The biggest issue I’ve encountered is that the output is way too fast. Presenting it reasonably to the user, without huge chunks of content suddenly appearing, will require smoothing and throttling.
Meta-Prompting
Because I decided to represent child agent directives as XML tags, it got me thinking. What would happen if I put an agent inside another agent? As text inside a child agent tag is interpolated into its prompt, nesting one agent tag inside another should logically send the inner agent’s output to the outer agent’s prompt.
By sending the output of one agent to another, we enable meta-prompting: agents prompting agents. To accomplish this, I implemented a tag stack that allows inner agent tags to stream their content to the prompt delegator of the outer agent tag. This content can include yet another nested agent tag, allowing meta-prompts to stream recursively up the chain of nested agent tags.
With this approach, you can use sub-agents as idea generators or context generators for the containing agent. The inner tags don’t even have to spawn agents. They could be standard subroutines that stream in crawl data, a database call, an API call, or any other source of information you can think of.
I believe meta-prompting can enable incredibly powerful patterns, and with the relay pattern powering it all, content is unblocked, processed, and streamed as soon as it is resolved and available.
Beyond AI
While functional streaming libraries excel at pipeline processing with declarative transformations, the lifecycle control provided by interface-based streams simplifies certain architectural patterns, particularly those involving complex control flow with shared context. In the meta-prompting example, lifecycle hooks remain accessible while parsing nested tags and managing their nested streams.
By making higher-order streams accessible to other paradigms, I hope these powerful patterns can be integrated seamlessly into a wider range of environments. I’m currently exploring their use in streaming web rendering frameworks, where I’ve found lifecycle control helps modularize the complex data flow of modern frameworks.

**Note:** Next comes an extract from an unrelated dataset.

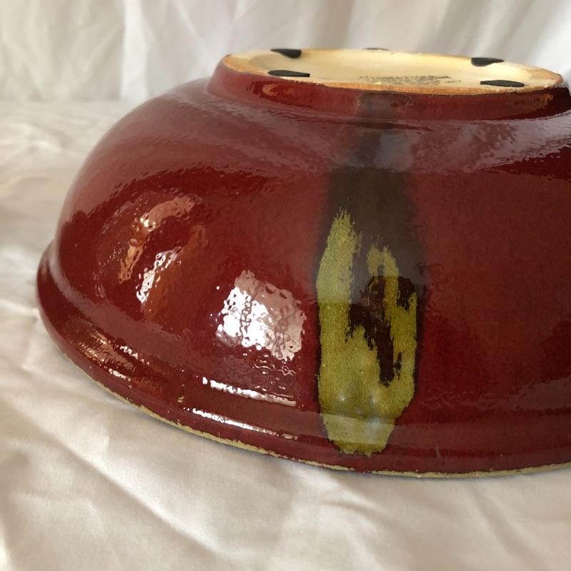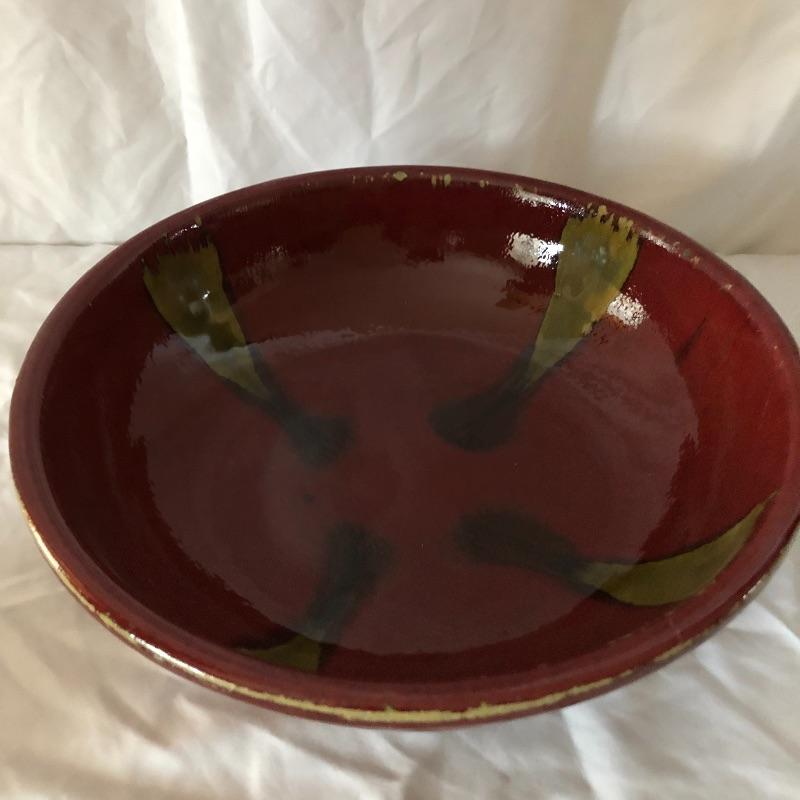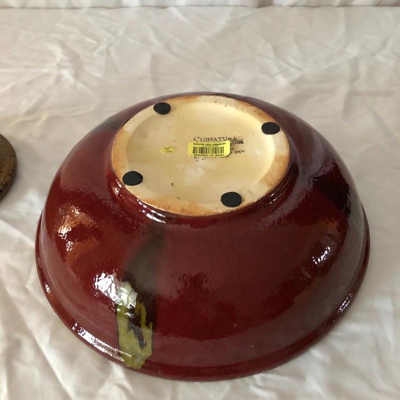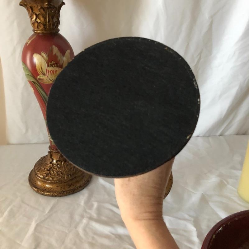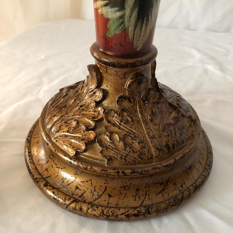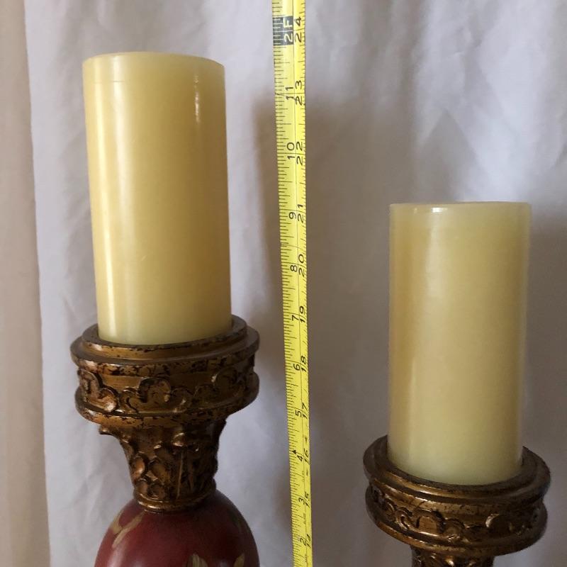 We have paired this large ceramic bowl with two ornate pillar candle holders. The bases appear to be wood or wood like with a floral design on a dark red background.

This all started when I set out to solve a specific problem: parallel AI prompts couldn’t be streamed without breaking output order. Higher-order streams offered an elegant approach, but weren’t available in the interface-based streaming environment I needed. The relay pattern provided a solution in only 25 lines of code. It brings this powerful pattern from functional streaming paradigms to interface-based streams.
Any async operation can be injected as a stream. From database queries to API calls to file processing, anything can be composed and processed with higher-order streams. Finding the right abstraction cuts through complexity, and often the simplest solutions are the most powerful.